The growing interest in GPU programming has brought renewed attention to the Single Instruction Multiple Data (SIMD) execution model. SIMD machines give application developers a tremendous computational power, however, the model also brings restrictions. In particular, processing elements (PEs) execute in lock-step, and may lose performance due to divergences caused by conditional branches. In face of divergences, some PEs execute, while others wait, this alternation ending when they reach a synchronization point.
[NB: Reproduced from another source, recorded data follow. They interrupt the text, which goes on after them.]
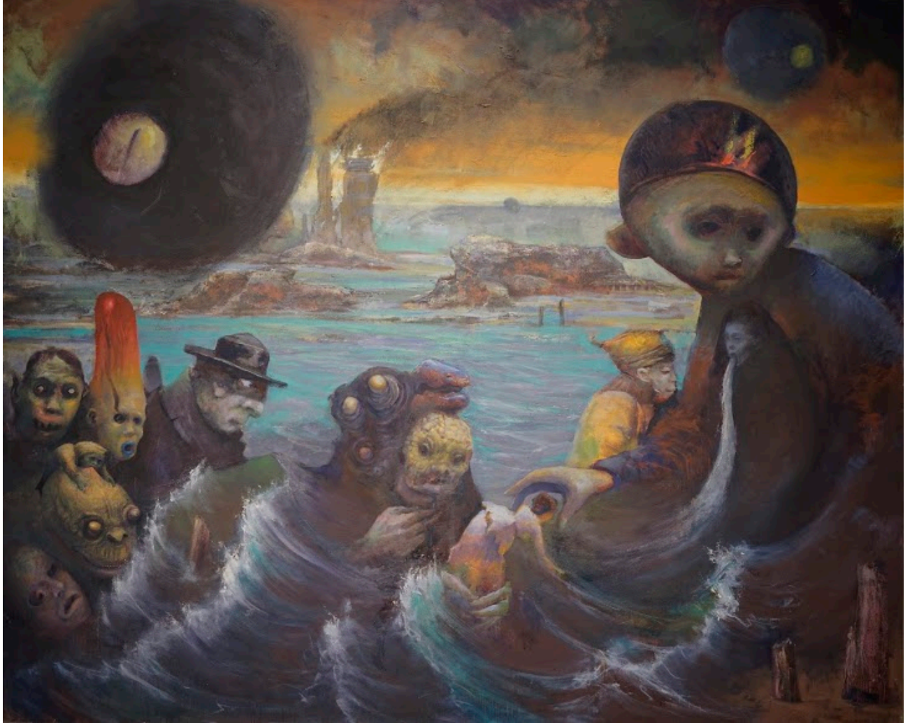
Roadside Picnic Oil on Canvas, 75"x93" 2019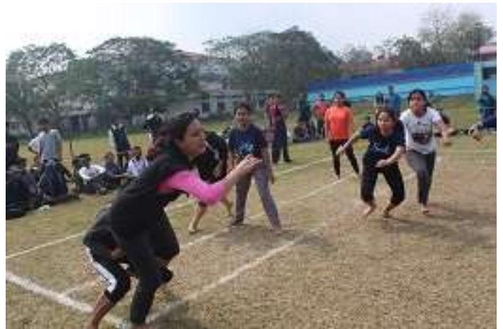
Image 3. Prize distribution and sports events of the 22 nd Annual meet.

The Annual Meet 2018-2019 of Tezpur University is organized by the Students Council during 22 nd February 2019 to 24 th February 2019. There were both group and individual competitions. The group competitions are either Inter-Departmental or Inter-Hostel. Some of the major competition's events are Dances, Drama, Song, Literary, Debate, Photography, Fine Arts, Wall Magazine, Cultural procession etc.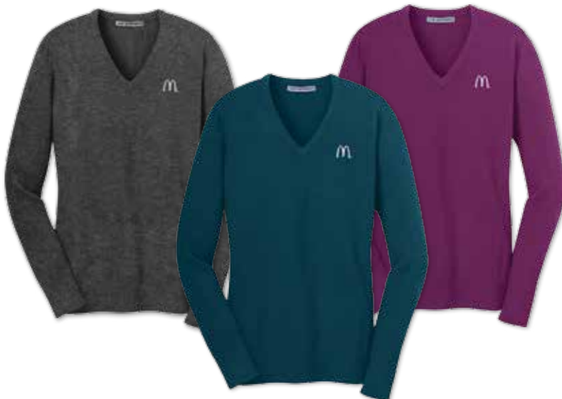
Ladies' V-Neck Sweater 60/40 cotton/nylon. Fine-gauge v-neck sweater with rib knit v-neck, cuffs and hem. Longer rib knit height at cuffs for character. #6LSVG | Charcoal Heather | Ladies' sizes S-3X | $29.99 each #6LSVB | Blue | Ladies' sizes S-3X | $29.99 each #6LSVP | Berry | Ladies' sizes S-3X | $29.99 each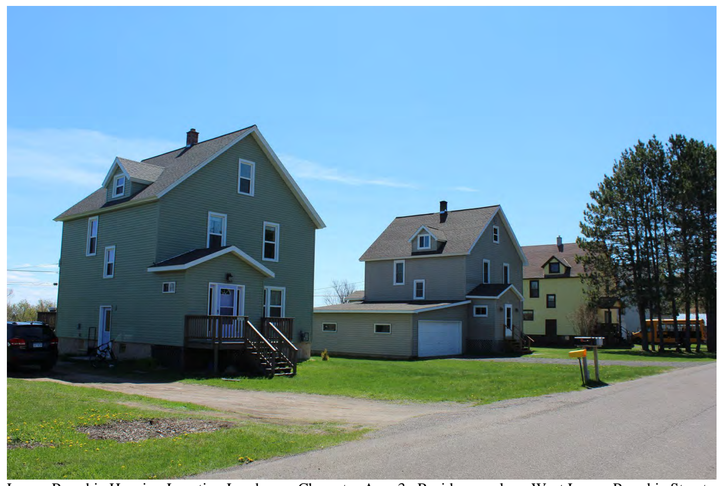
Lower Pewabic Housing Location Landscape Character Area 3. Residences along West Lower Pewabic Street (left to right: MAP ID#s 135, 134 and 133).

National Historic Landmarks Nomination Form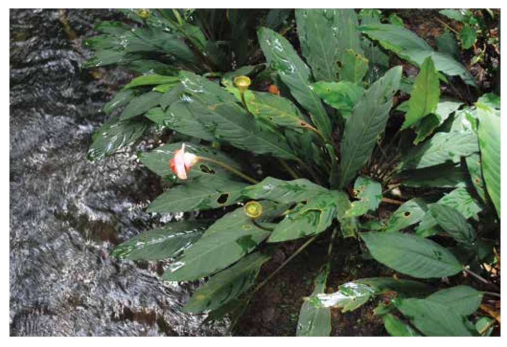
Fig. 3. Steenisian rheophyte. Rhynchopyle viridistigma at late anthesis, plants growing on basalt rocks just above average low-water level. (Photo: P.C. Boyce).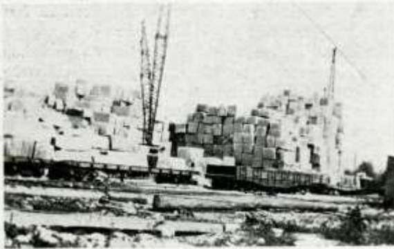
ONE MONTH'S QUARRYING

There is most unusual activity in the Indiana limestone district, in the quarrying and shipping of stone. The demand for the stone is unprecedentedly large from all parts of the country. A representative of the Consolidated Stone Company writes as follows of the activity at the Dark Hollow quarry: "All of our stripping is completed for the season and we are now quarrying in five openings. In one opening, without an additional penny to be spent for stripping, we have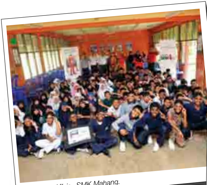
An English Affair - SMK Mahang.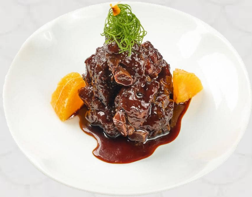
糖醋排骨 Shanghai Style Sweet and Sour Pork Ribs 35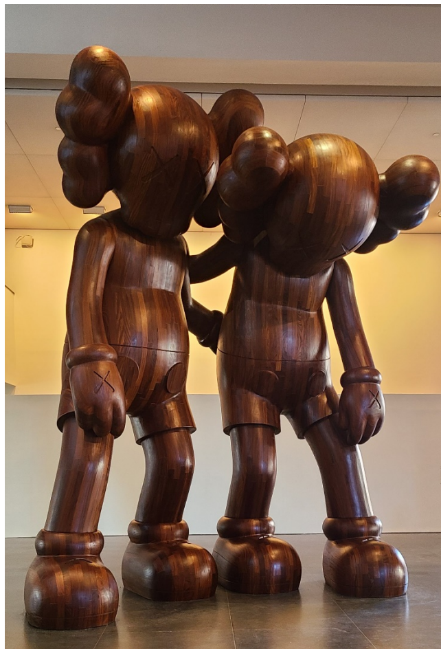
Figure 14: Wooden Companion figure in the Brooklyn Museum lobby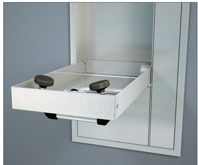
Note: Shown with optional AP285-235 electric light and alarm horn unit (sold separately).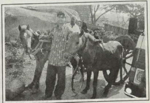
Working horses get help!

In February 2000 Blue Cross started a mobile Veterinary service for equines funded by the Brooke Hospitals for Animals (U.K.) . This service extends veterinary care to working equines in and around the twin cities four days a week, treating on an average 300 horses every month. The efforts have proved very helpful to poor cart owners and their horses.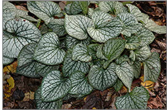
Jack Frost Bugloss foliage

Jack Frost Bugloss is recommended for the following landscape applications;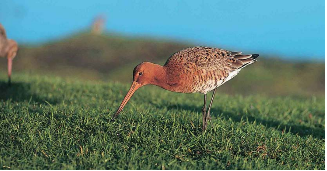
146 'Eureka!' the visitor said, matching the Black-tailed Godwit to an illustration in the book. 'Brick-red throat and chest, heavily patterned upperparts and a yellow bill base. Have a look dear – it's a Red-throated Pipit.' (Anthony McGeehan)

the household now wish to see the star bird himself, but he also wants to show it to his four kids, one of whom is sucking a dummy and has been clattering into tripod legs since arriving.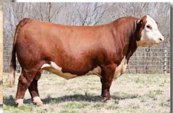
WF CLC JT Wildcard 76E 2505 ET – Featured A.I. Sire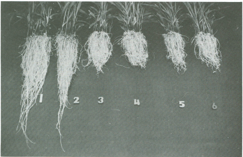
Fig. 1. Root development of maize populations grown in nutrient solutions with 241 \mu\text{mol Al L}^{-1} . Left to right: 1 = original 'Composto Amplo', 2 = selected 'Composto Amplo', 3 = Corn Belt \times Brazilian, 4 = Corn Belt \times Caribbean, 5 = Hays Golden, and 6 = Nebraska B Synthetic.

The decrease in variability of the selected 'Composto Amplo' population compared to the original 'Composto Amplo' was best demonstrated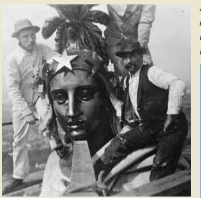
Workmen pose for a photograph after cleaning the statue in 1913. For many years, the statue was cleaned each time the Capitol Dome was painted.

Since 1993, a specially designed scaffold is used for the regular maintenance of the statue. (below)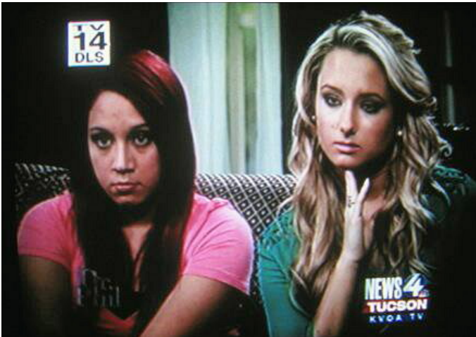
K04QP-D Casas Adobes, AZ 1002 mi Es seen 6-23-15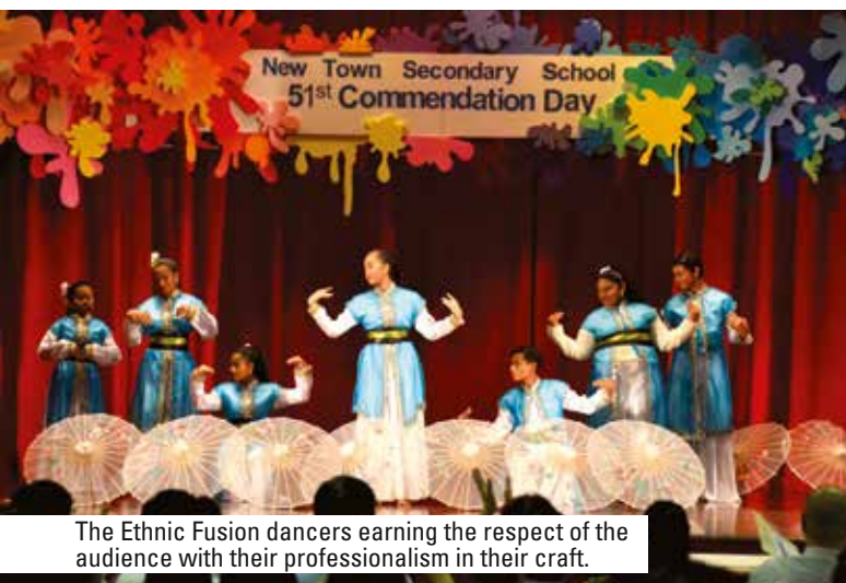
The Ethnic Fusion dancers earning the respect of the audience with their professionalism in their craft.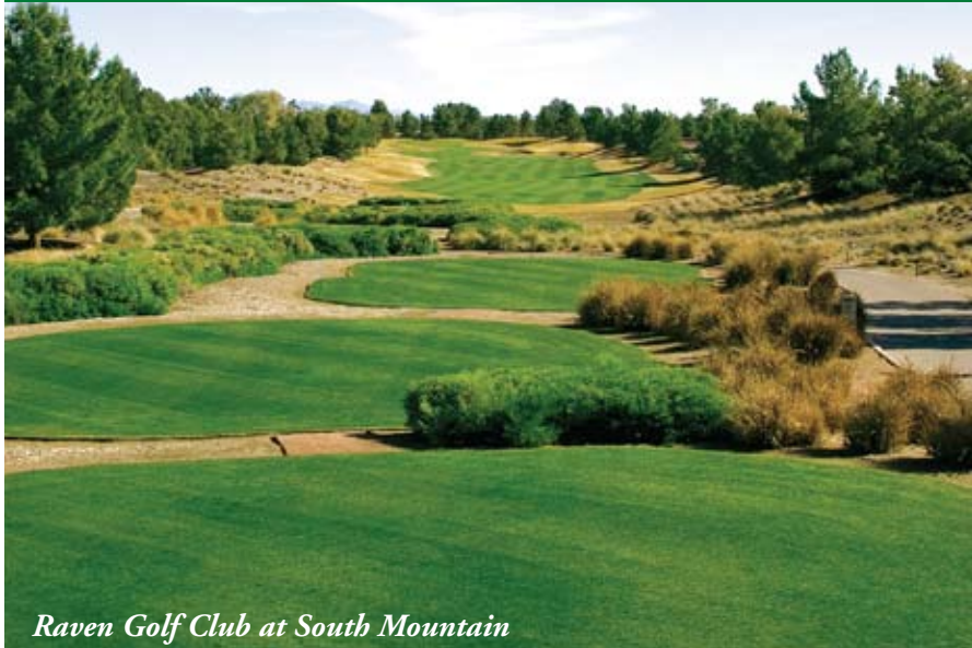
Raven Golf Club at South Mountain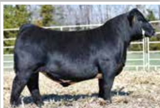
W/C Bankroll 1199F - reference sire Lot 10A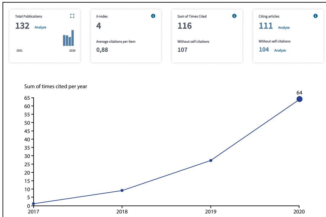
Figure 2. European Endodontic Journal citation report (Web of Science, accessed Mar 25, 2021)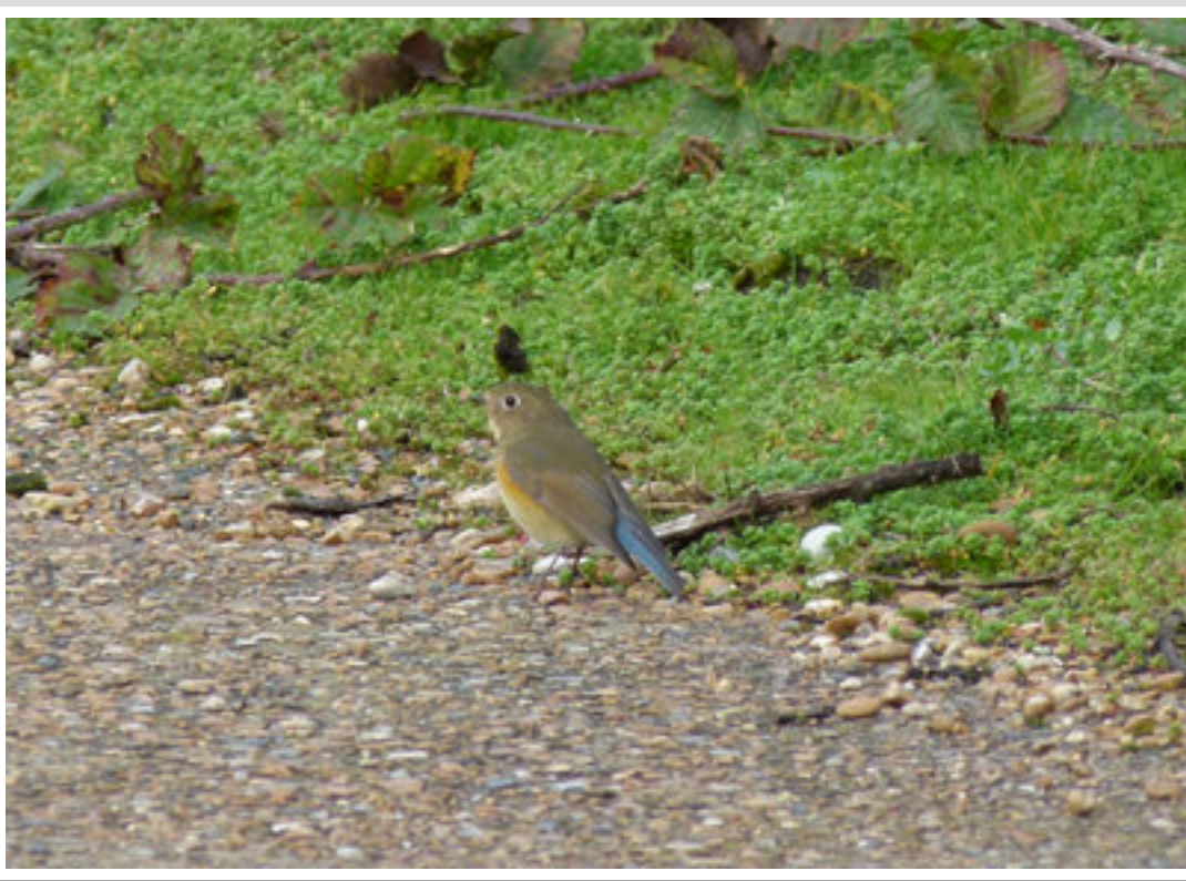
Red Flanked Bluetail along Dengemarsh Road at Dungeness. A first for the Dungeness area.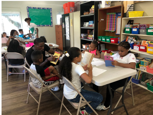
Reading time Grades K-5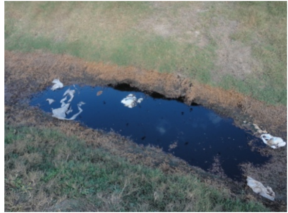
Toe Drain Leachate Accumulation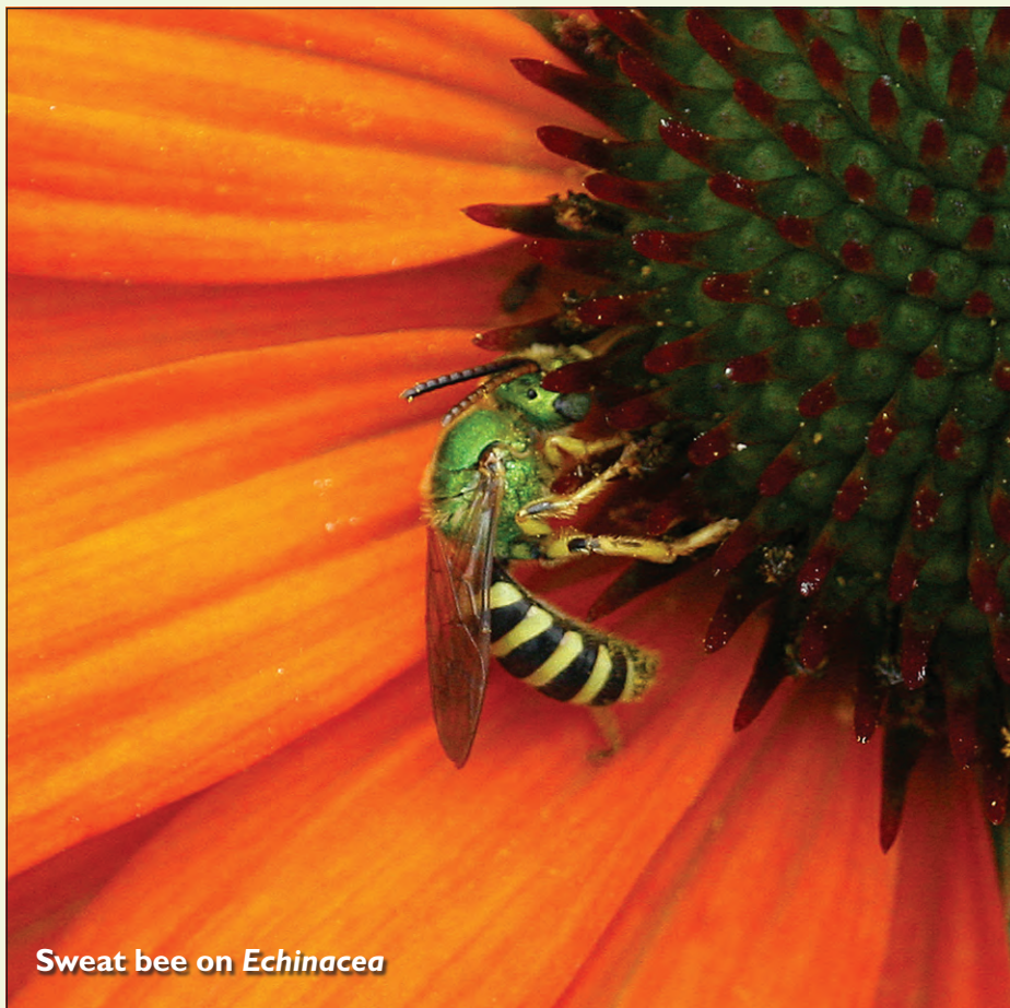
Sweat bee on Echinacea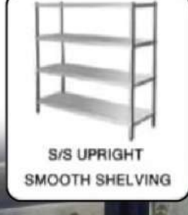
S/S UPRIGHT SMOOTH SHELVING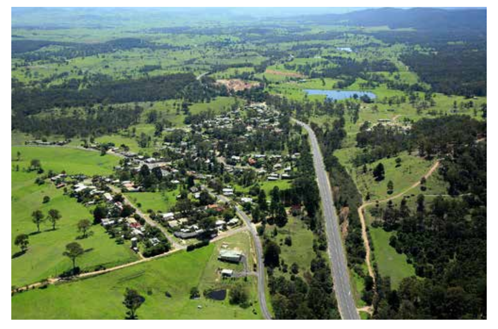
Council adopted the new Rural Residential Strategy last week.

development across the Shire will be able to meet demand to 2040 and suitable future growth areas.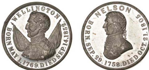
332 Death of the Duke of Wellington, 1852 , a white metal medal by J. Taylor (?), uniformed bust left, crossed flags behind, rev. uniformed bust of Nelson left, 38mm (Eimer 160; BHM -; E -). Brilliant, extremely fine, rare £100-£120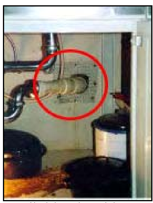
Use lath metal around pipes

In this paper we introduce divergence analysis, a static analysis that determines which program variables will have the same values for every PE. This analysis is useful in three different ways: it improves the translation of SIMD code to non-SIMD CPUs, it helps developers to manually improve their SIMD applications, and it also guides the compiler in the optimization of SIMD programs. We demonstrate this last point by introducing branch fusion, a new compiler optimization that identifies, via a gene sequencing algorithm, chains of similarities between divergent program paths, and weaves these paths together as much as possible. Our implementation has been accepted in the Ocelot open-source CUDA compiler, and is publicly available. We have tested it on many industrial-strength GPU benchmarks, including Rodinia and the Nvidia's SDK. Our divergence analysis has a 34% false-positive rate, compared to the results of a dynamic profiler. Our automatic optimization adds a 3% speed-up onto parallel quick sort, a heavily optimized benchmark. Our manual optimizations extend this number to over 10%.
发散分析和优化
对GPU编程日益增长的兴趣使人们重新关注单指令多数据(SIMD)执行模型。SIMD机器为应用程序开发人员提供了巨大的计算能力,然而,该模型也带来了限制。特别是,处理元素(pe)以锁步执行,并且可能由于条件分支引起的分歧而失去性能。面对分歧,一些pe执行,而另一些pe等待,这种交替在它们到达同步点时结束。在本文中,我们介绍了散度分析,这是一种静态分析,用于确定哪些程序变量对每个PE具有相同的值。这种分析在三个不同的方面是有用的:它改进了SIMD代码到非SIMD cpu的转换,它帮助开发人员手动改进他们的SIMD应用程序,它还指导编译器优化SIMD程序。我们通过引入分支融合来证明最后一点,分支融合是一种新的编译器优化,它通过基因测序算法识别不同程序路径之间的相似性链,并尽可能地将这些路径编织在一起。我们的实现已经被Ocelot开源CUDA编译器所接受,并且是公开可用的。我们已经在许多工业级GPU基准测试中测试了它,包括Rodinia和Nvidia的SDK。与动态分析器的结果相比,我们的散度分析有34%的假阳性率。我们的自动优化为并行快速排序增加了3%的加速,这是一个经过大量优化的基准。我们的手动优化将这个数字扩展到10%以上。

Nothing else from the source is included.